Record set:
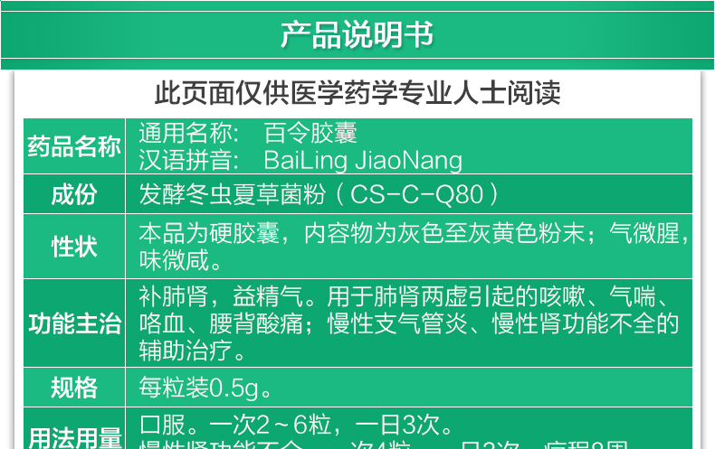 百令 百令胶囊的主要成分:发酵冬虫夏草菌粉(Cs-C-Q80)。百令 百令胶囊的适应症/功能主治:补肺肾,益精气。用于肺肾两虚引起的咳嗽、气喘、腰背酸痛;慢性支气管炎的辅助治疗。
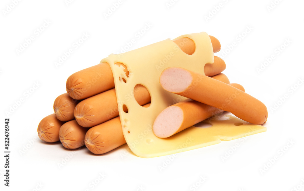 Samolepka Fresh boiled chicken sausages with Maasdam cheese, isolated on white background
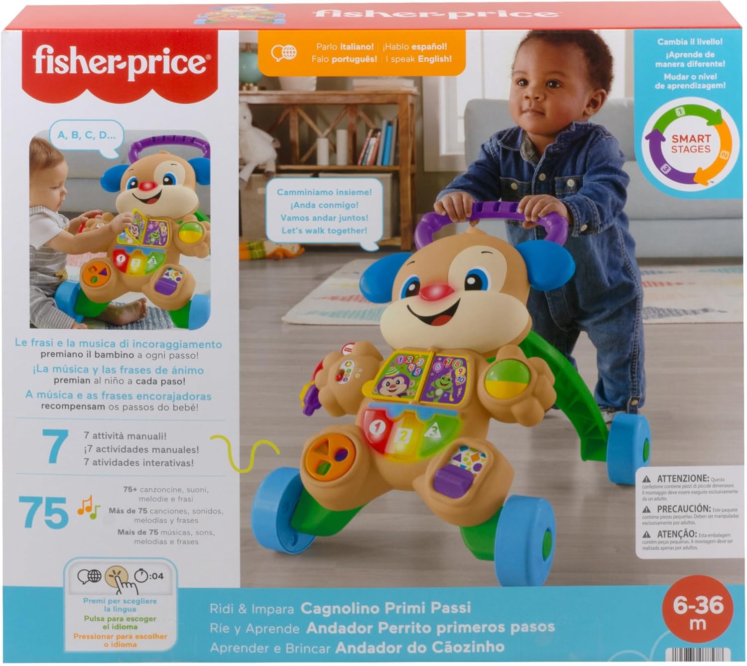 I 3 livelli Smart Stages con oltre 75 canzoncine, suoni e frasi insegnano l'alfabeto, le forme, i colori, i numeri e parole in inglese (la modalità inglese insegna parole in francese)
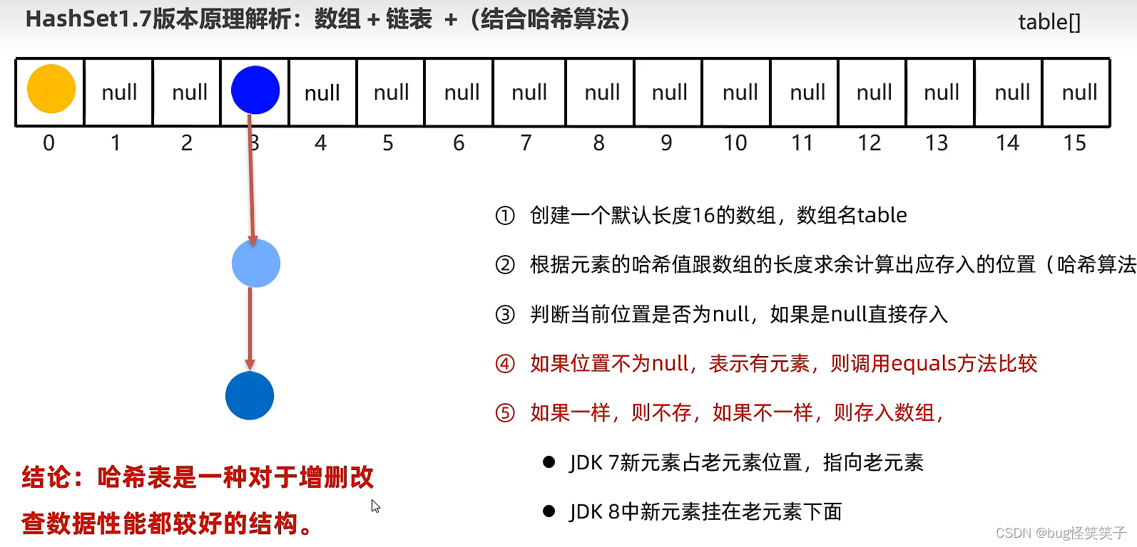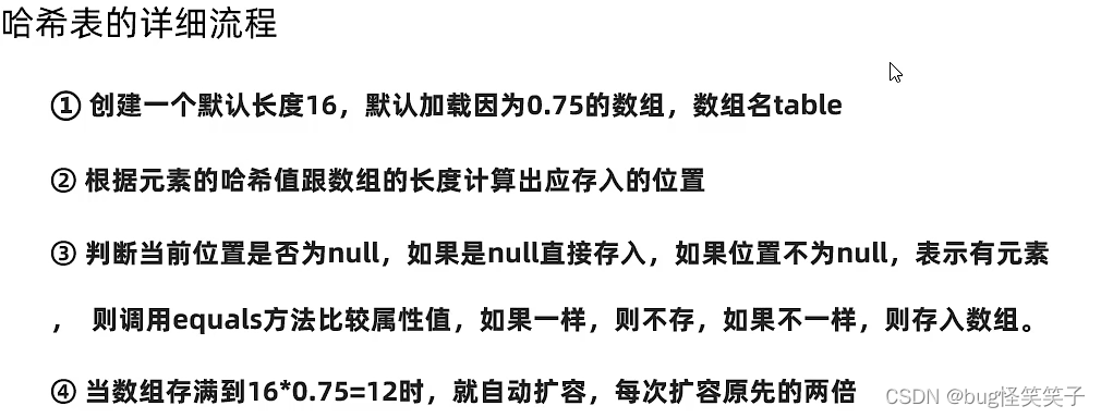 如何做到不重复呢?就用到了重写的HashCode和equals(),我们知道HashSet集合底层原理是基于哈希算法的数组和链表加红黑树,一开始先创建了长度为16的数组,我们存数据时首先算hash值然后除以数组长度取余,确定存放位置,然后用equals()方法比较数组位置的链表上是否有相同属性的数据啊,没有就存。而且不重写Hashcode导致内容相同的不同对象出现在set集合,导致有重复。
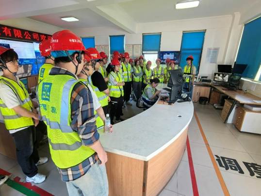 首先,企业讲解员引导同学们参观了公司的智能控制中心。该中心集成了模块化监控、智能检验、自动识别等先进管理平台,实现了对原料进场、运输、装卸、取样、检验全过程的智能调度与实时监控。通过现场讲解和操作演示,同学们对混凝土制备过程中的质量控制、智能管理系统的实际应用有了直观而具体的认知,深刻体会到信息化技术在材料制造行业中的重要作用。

---

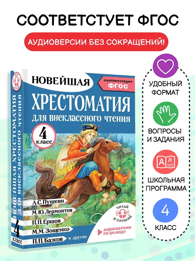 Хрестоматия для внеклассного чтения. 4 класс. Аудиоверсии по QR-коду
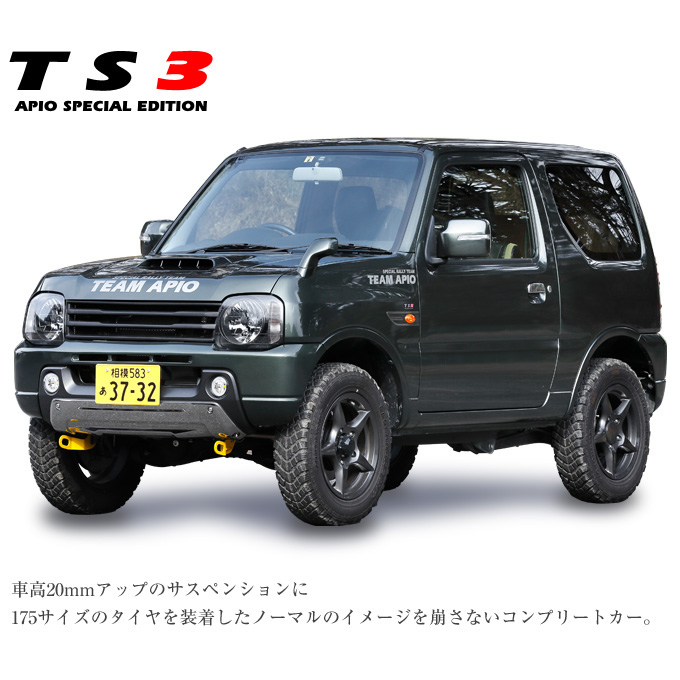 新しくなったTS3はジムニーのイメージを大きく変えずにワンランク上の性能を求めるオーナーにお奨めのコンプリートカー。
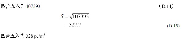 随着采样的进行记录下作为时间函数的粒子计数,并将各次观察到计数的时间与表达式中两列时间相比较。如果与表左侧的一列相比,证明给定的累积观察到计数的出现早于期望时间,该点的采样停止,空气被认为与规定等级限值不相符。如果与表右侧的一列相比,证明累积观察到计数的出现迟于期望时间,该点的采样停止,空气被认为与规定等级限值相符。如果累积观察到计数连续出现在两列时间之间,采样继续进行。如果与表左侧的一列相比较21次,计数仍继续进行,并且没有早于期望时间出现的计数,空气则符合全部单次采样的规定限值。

--

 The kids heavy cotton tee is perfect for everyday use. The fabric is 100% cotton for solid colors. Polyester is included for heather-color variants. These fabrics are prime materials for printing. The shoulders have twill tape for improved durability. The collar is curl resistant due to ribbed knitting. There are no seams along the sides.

Assignment: Using the material above, reproduce only the lines that run from the line with "如何做到不重复呢?就用到了重" up to and including the line with "首先,企业讲解员引导同学们参", exactly, with the pictures dropped.

Finished exercise:
 如何做到不重复呢?就用到了重写的HashCode和equals(),我们知道HashSet集合底层原理是基于哈希算法的数组和链表加红黑树,一开始先创建了长度为16的数组,我们存数据时首先算hash值然后除以数组长度取余,确定存放位置,然后用equals()方法比较数组位置的链表上是否有相同属性的数据啊,没有就存。而且不重写Hashcode导致内容相同的不同对象出现在set集合,导致有重复。
 首先,企业讲解员引导同学们参观了公司的智能控制中心。该中心集成了模块化监控、智能检验、自动识别等先进管理平台,实现了对原料进场、运输、装卸、取样、检验全过程的智能调度与实时监控。通过现场讲解和操作演示,同学们对混凝土制备过程中的质量控制、智能管理系统的实际应用有了直观而具体的认知,深刻体会到信息化技术在材料制造行业中的重要作用。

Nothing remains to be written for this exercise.